Santa Cruz del Ilote-Kolombiya
Dünyanın en kalabalık adası olarak bilinen Santa Cruz del Ilote, Kolombiya kıyılarında bulunan yapay bir ada. Bir futbol alanının yalnızca iki katı büyüklüğünde bir yerde yaşayan halk yaklaşık bin 200 şahıstan oluşuyor. Burada kendinizi yalnız hissetmeyeceksiniz lakin katiyetle çağdaş konfordan uzakta biraz vakit geçireceksiniz. Günde beş saat elektrik olan bu adada musluktan adan su bulmanız da mümkün değil. Bu adanın en farklı özelliklerinden biri de polis olmaması. Zira burada beşerler birbirlerine sonuna kadar güveniyor ve polise muhtaçlık duymuyor. Bu adaya gelmek istiyorsanız biraz tez etmelisiniz. Zira yükselen deniz düzeyleri nedeniyle sonunda büsbütün sular altında kalması bekleniyor.
Changtang-Tibet
‘Dünyanın Çatısı’ olarak bilinen Changtang, çiftlik hayvanlarıyla yaşayan göçebe bir kabile olan Changpa’ya konut sahipliği yapıyor. Etrafı ise tarım yapmak için çok güçlü olduğundan alışverişlerini ticaretle yapıyorlar. Peynir, süt ve işlenmemiş kaşmir üzere hayvansal eserleri tahıllar, kaplar, bıçaklar ve öteki çağdaş ve kullanışlı eserlerle değiştirirler.

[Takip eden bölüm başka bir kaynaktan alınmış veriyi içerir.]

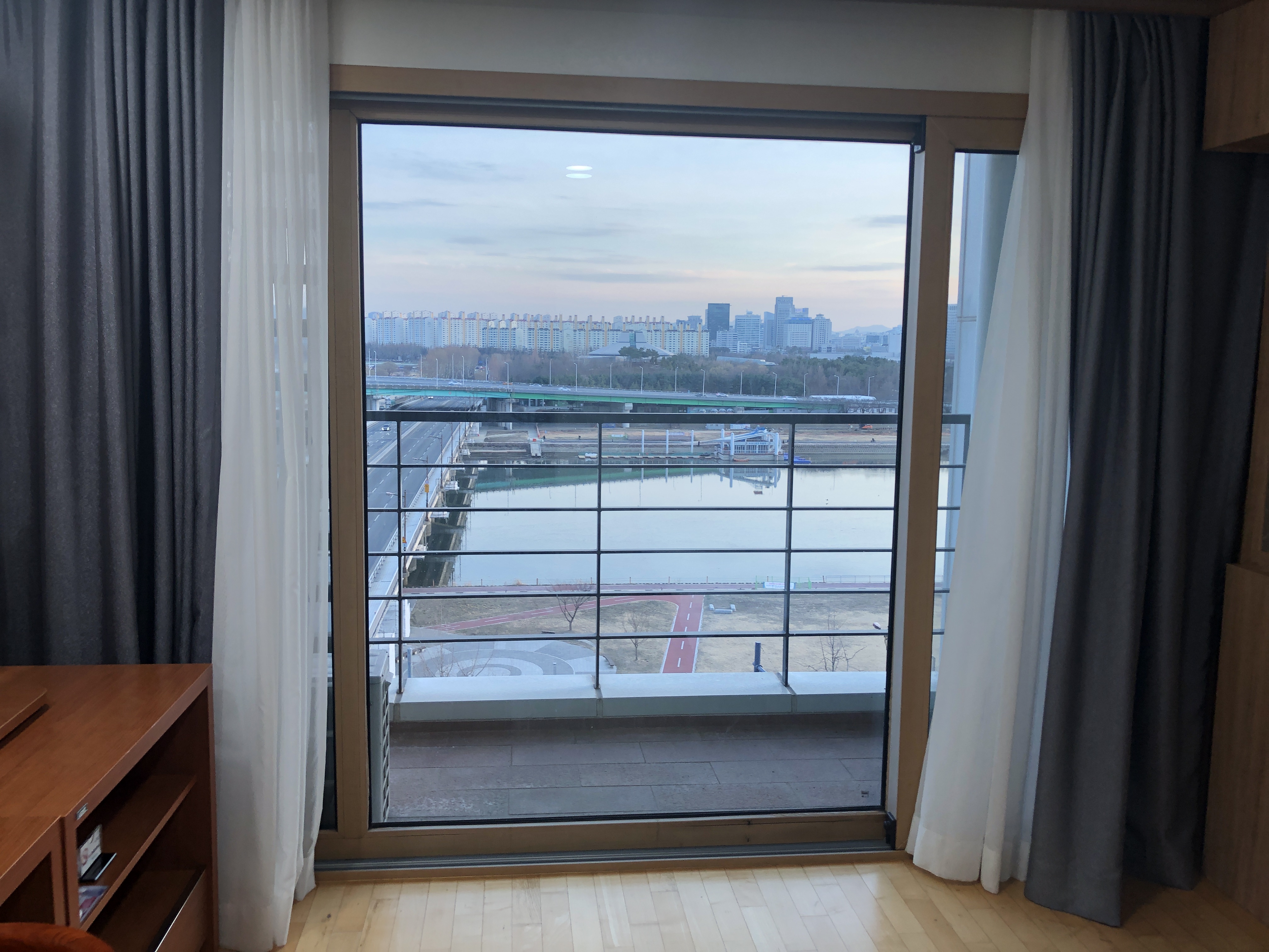 갑천아래를 내려다 보고 있는데 8층 객실의 풍경은 보기 좋습니다.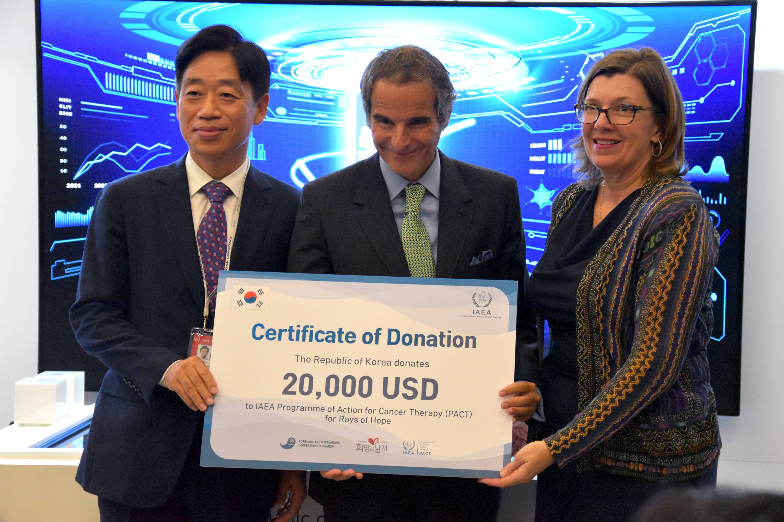Throughout GC66, speakers and guests agreed on the need to tap into diverse funding sources to extend the reach and impact of IAEA activities. During the General Conference, the IAEA’s Programme of Action for Cancer Therapy (PACT) received new donations from Belgium, the Principality of Monaco, and from members of the Korean public, whose contributions were presented by the Nuclear International Cooperation Fund (KONICOF).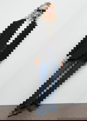 Capsule Tailored Collarless Statement Shoulder Blazer Co-ord In Black

Burada yaban hayatı da harika hoşlukta. Ömrünüz boyunca ismini bile duymadığınız hayvanlarla burada karşılaşabilirsiniz.
Iquitos-Peru
Hiç bitmeyen Amazon yağmur ormanlarının içine hapsolmuş, yarım milyon nüfuslu bu kent, çağdaş konfordan ödün verebileceğiniz bir macera arıyorsanız, gideceğiniz yer. Oraya sırf uçakla yahut 4 günlük bir tekne çeşidi ile gidebileceğinizi unutmayın. Burada ormanda uzun gezintilerin tadını çıkarabilir, Amazon Nehri’nde gezinebilir ve pembe yunus üzere tahminen de hiç duymadığınız hayvanları seyredebilirsiniz.